Both of these cuts are far less severe than those proposed by the Trump Administration, which called for cutting EERE 60% and eliminating ARPA-E entirely. However, while President Trump’s budget proposal also slashed energy R&D across the board, the House Appropriations bill calls for a $141 million increase in the budget of the Office of Nuclear Energy to $1.2 billion, as well as a $58 billion increase in the budget of the Office of Fossil Energy Research and Development to $785 million.
However, the bill would also fund a new Office of Electricity Delivery with $175 million, with a heavy emphasis on energy storage technologies. While such research has been conducted within other programs to date, Union of Concerned Scientists (UCS) estimates that this bill would increase federal energy storage research by nearly $10 million.
The Republican-led appropriations committee would increase energy programs overall by $504 million to $13.4 billion, and it framed its package as part of advancing an “all-of-the-above” energy strategy. This phrase was first used by President Obama, to describe a massive buildout of natural gas and renewable energy, but has also been used a slogan by the Trump Administration, where it means something very different.

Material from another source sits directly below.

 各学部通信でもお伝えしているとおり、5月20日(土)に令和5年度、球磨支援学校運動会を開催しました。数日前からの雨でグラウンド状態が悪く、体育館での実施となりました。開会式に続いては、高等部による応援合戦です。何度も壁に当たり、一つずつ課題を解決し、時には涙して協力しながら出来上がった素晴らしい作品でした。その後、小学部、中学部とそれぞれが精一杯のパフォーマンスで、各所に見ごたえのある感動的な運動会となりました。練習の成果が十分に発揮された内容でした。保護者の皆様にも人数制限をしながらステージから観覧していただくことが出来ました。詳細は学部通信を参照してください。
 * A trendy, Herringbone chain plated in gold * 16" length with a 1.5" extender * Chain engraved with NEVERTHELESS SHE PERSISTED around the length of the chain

UCS blasted the report’s cuts to clean energy research at EERE and ARPA-E. “By reducing support for these kinds of programs, the U.S. is ceding leadership on clean energy and technological innovation to countries like China, which is investing in these technologies,” stated Rob Cowin, director of climate and energy programs at UCS.
“You would think U.S. lawmakers would want to promote economic growth by capitalizing on the expanding global market for clean energy technologies.”

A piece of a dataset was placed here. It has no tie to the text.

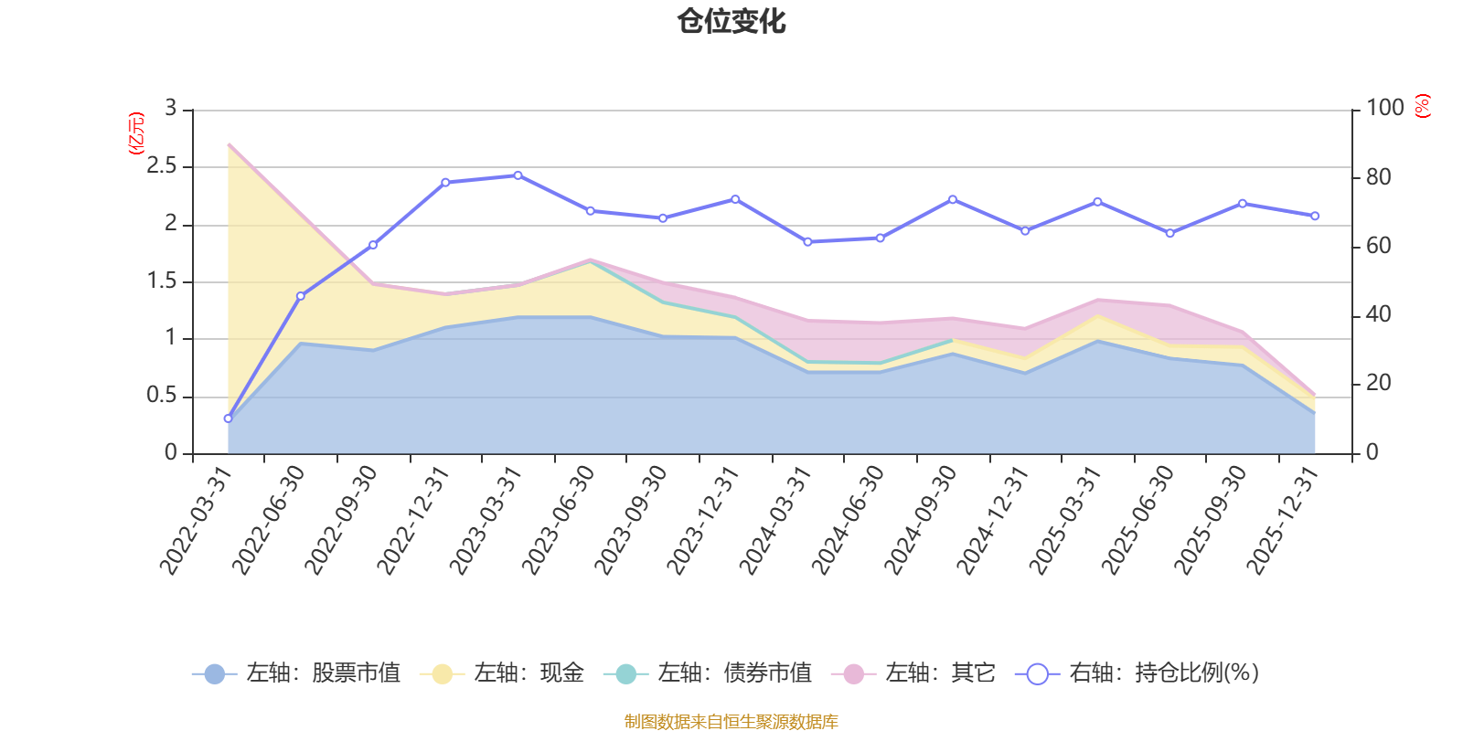 据定期报告数据统计,近三年平均股票仓位为69.66%,同类平均为86.9%。2023年一季度末基金达到80.9%的最高仓位,2022年一季度末最低,为10.23%。

At the same time, UCS notes that the emphasis on energy storage “exposes tensions in ideologies between Congress and the White House”, including by funding energy storage R&D but also rejecting the Trump Administration’s proposed limitations on DOE funding.
“In an unusual step, the committee noted and rejected the administration’s extreme approach, which dictated the Energy Department focus solely on early stage, non-applied research,” states Cowin. “The committee was smart to recognize the need for applied research and development of emerging technologies throughout the energy innovation ecosystem.”
The House appropriations bill is one of the first steps in the complicated sausage-making that the federal budget process represents. A senate committee will also produce a bill, and these will be negotiated and reconciled, before they are sent to President Trump.
It will be interesting to see along the way the degree to which Congress recognizes where the energy jobs of the future are.